Do not enable DTD processing if you're concerned about denial of service issues or if you're dealing with untrusted sources. DTD processing is disabled by default for XmlReader objects created by the Create method.
If you have DTD processing enabled, you can use the XmlSecureResolver to restrict the resources that the XmlReader can access. You can also design your app so that the XML processing is memory and time constrained. For example, you can configure time-out limits in your ASP.NET app.
XML data can include references to external resources such as a schema file. By default, external resources are resolved by using an XmlUrlResolver object with no user credentials. You can secure this further by doing one of the following:
Restrict the resources that the XmlReader can access by setting the XmlReaderSettings.XmlResolver property to an XmlSecureResolver object.

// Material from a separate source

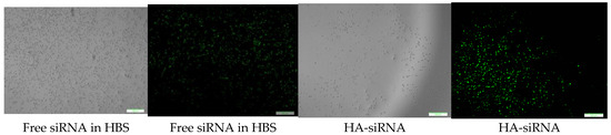 3.10. Cellular Uptake of Fluorescence siRNA-Loaded CA and HA—Microscopic Analysis

Do not allow the XmlReader to open any external resources by setting the XmlReaderSettings.XmlResolver property to
null
.
The ProcessInlineSchema and ProcessSchemaLocation validation flags of an XmlReaderSettings object aren't set by default. This helps to protect the XmlReader against schema-based attacks when it is processing XML data from an untrusted source. When these flags are set, the XmlResolver of the XmlReaderSettings object is used to resolve schema locations encountered in the instance document in the XmlReader. If the XmlResolver property is set to
null
, schema locations aren't resolved even if the ProcessInlineSchema and ProcessSchemaLocation validation flags are set.Schemas added during validation add new types and can change the validation outcome of the document being validated. As a result, external schemas should only be resolved from trusted sources.
We recommend disabling the ProcessIdentityConstraints flag when validating untrusted, large XML documents in high availability scenarios against a schema that has identity constraints over a large part of the document. This flag is enabled by default.
XML data can contain a large number of attributes, namespace declarations, nested elements and so on that require a substantial amount of time to process. To limit the size of the input that is sent to the XmlReader, you can:
Limit the size of the document by setting the MaxCharactersInDocument property.
Limit the number of characters that result from expanding entities by setting the MaxCharactersFromEntities property.
Create a custom
IStream
implementation for the XmlReader.
The ReadValueChunk method can be used to handle large streams of data. This method reads a small number of characters at a time instead of allocating a single string for the whole value.
When reading an XML document with a large number of unique local names, namespaces, or prefixes, a problem can occur. If you are using a class that derives from XmlReader, and you call the LocalName, Prefix, or NamespaceURI property for each item, the returned string is added to a NameTable. The collection held by the NameTable never decreases in size, creating a virtual memory leak of the string handles. One mitigation for this is to derive from the NameTable class and enforce a maximum size quota. (There is no way to prevent the use of a NameTable, or to switch the NameTable when it is full). Another mitigation is to avoid using the properties mentioned and instead use the MoveToAttribute method with the IsStartElement method where possible; those methods don't return strings and thus avoid the problem of overfilling the NameTable collection.
XmlReaderSettings objects can contain sensitive information such as user credentials. An untrusted component could use the XmlReaderSettings object and its user credentials to create XmlReader objects to read data. Be careful when caching XmlReaderSettings objects, or when passing the XmlReaderSettings object from one component to another.
Do not accept supporting components, such as NameTable, XmlNamespaceManager, and XmlResolver objects, from an untrusted source.